"매 machine 이 human judge 와 30% 이상의 conversation 에서 human 으로 misclassified 되면 thinking 과 indistinguishable 하다고 판정". 매 1950 Alan Turing 의 "Computing Machinery and Intelligence" 의 imitation game. 매 2024-25 GPT-4 / Claude 의 controlled study에서 human-level pass 보고 (Jones & Bergen 2024 UCSD). 매 2026 현재 Turing Test 는 capability 측정 도구로서 obsolete, Chinese Room critique + behavioral benchmark + capability evaluation 으로 대체.
매 핵심
매 original imitation game (Turing 1950)
3 players: man (A), woman (B), interrogator (C).
C asks questions in writing, must determine which is which.
A 의 task: deceive C. B 의 task: help C.
Turing's substitution: replace A with machine. Does C error rate stay same?
매 misconception (common pop interpretation)
Pop version: "machine fools human into thinking it's human."
Original: comparison of machine deception rate vs man-deceiving-as-woman rate.
Turing's prediction: by 2000, machines will pass at ~30% rate after 5min.
매 critiques
Chinese Room (Searle 1980): passing test 은 understanding 의 evidence 아님. symbol manipulation ≠ semantics.
Imitation ≠ intelligence: human deception 은 narrow task. 매 mathematical reasoning, embodiment, learning 의 미측정.
Anthropocentric: intelligence 의 sole criterion 으로 human-likeness 가정.
Gameable: tricks (typos, refuse-to-answer, emotion mimicry) 으로 pass 가능.
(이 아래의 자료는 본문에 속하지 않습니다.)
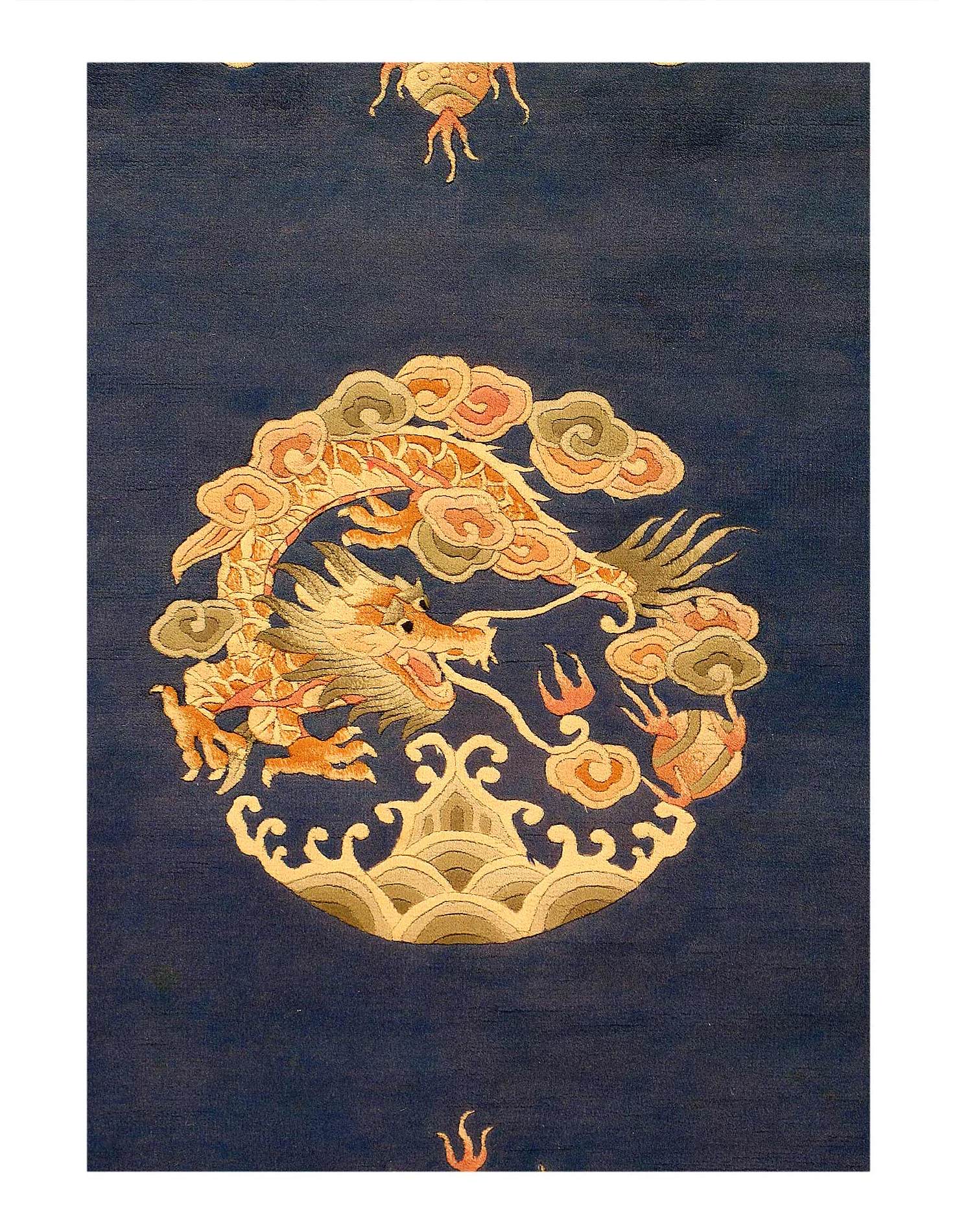 Gorgeous And Extremely Artistic Antique Chinese Two Claw Dragon Design Shabby Elegance Rug, Circa Date: 1960 - A beautiful array of Two clawed Chinese dragons are gracefully flying across the expanse of this breathtaking antique Chinese rug. This is a fascinating and highly artistic antique rug was woven in China around the 1960’s.

Judge calibration: naive judge vs expert 의 결과 wildly 다름.
매 modern empirical results
2014 "Eugene Goostman": 33% pass at Royal Society. 매 13-yr-old Ukrainian persona 가 expectation lowering 으로 controversial pass.
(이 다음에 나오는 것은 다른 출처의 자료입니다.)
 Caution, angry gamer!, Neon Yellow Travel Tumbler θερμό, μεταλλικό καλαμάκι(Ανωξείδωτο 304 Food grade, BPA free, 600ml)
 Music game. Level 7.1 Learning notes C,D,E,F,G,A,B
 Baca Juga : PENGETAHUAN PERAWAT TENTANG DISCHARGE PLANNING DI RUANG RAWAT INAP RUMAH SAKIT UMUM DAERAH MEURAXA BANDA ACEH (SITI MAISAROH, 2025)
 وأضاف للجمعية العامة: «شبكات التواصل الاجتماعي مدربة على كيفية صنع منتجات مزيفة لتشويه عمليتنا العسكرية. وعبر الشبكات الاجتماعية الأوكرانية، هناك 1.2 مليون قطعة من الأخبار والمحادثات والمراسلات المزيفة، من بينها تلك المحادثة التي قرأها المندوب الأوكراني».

2023 Jannai et al. (AI21): GPT-4 fooled humans at 60% rate in 2-min chat.
2024 Jones & Bergen (UCSD): GPT-4 passed at 54% (vs human 67%, ELIZA 22%). 매 first rigorously controlled pass.
2025 multiple replications: Claude / GPT-5 의 routine human-level performance.
Coffee test (Wozniak): make coffee in unfamiliar kitchen → embodiment.
Robot college student (Goertzel): take college courses, get degree.
Lovelace Test 2.0 (Riedl): create artifact human cannot, but expert can verify.
Winograd Schema (Levesque 2011): commonsense reasoning, originally Turing-resistant.
매 응용
AI history teaching.
Philosophy of mind discussion (consciousness, understanding).
Public communication of AI capability ("does AI think?").
Capability evaluation pre-2020 (now obsolete).
💻 패턴 (eval design lessons)
Pattern 1: Modern adversarial Turing protocol
1. Recruit N judges (calibrate by demographic, expertise).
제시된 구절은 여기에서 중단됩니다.